Saturday, April 12, 2008

Mean, Median and Sex

I found the workings of an old post I never got around to posting. So here it is.

Time for a maths lesson for Gina Kolata of the New York Times, who reported on a survey that found:

…men had a median of seven female sex partners. Women had a median of four male sex partners. Another study, by British researchers, stated that men had 12.7 heterosexual partners in their lifetimes and women had 6.5.

Apparently "mathematicians" don't understand the difference between various measures of central tendency:

But there is just one problem, mathematicians say. It is logically impossible for heterosexual men to have more partners on average than heterosexual women. Those survey results cannot be correct.

Um, yeah, they can. This falls under the category of Misuse of Information. The explanation is pretty much the same as the example in our book, but dirtier.
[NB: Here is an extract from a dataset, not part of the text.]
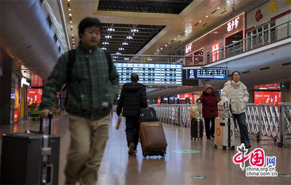 北京西站候車大廳內乘客人來人往。中國網記者 馬曠/攝

The mean number of partners for men and woman has to be the same. But the median, as was quoted above, does not. The majority of women tend to have less sexual partners than the majority of men. The median for women is lower. However, there could be enough dirty women who have many, many partners - enough to keep the means even, but skew the distribution.

To be fair to Kolata, she and her mathematician corrected this the next week:

He had looked at the actual data from the survey citing medians and found that it could not possibly be correct. Of course he knew the difference between a median and a mean.

It's still a good example nonetheless. (And a good example of why you should always say what you mean, with all the caveats, as clearly as possible.)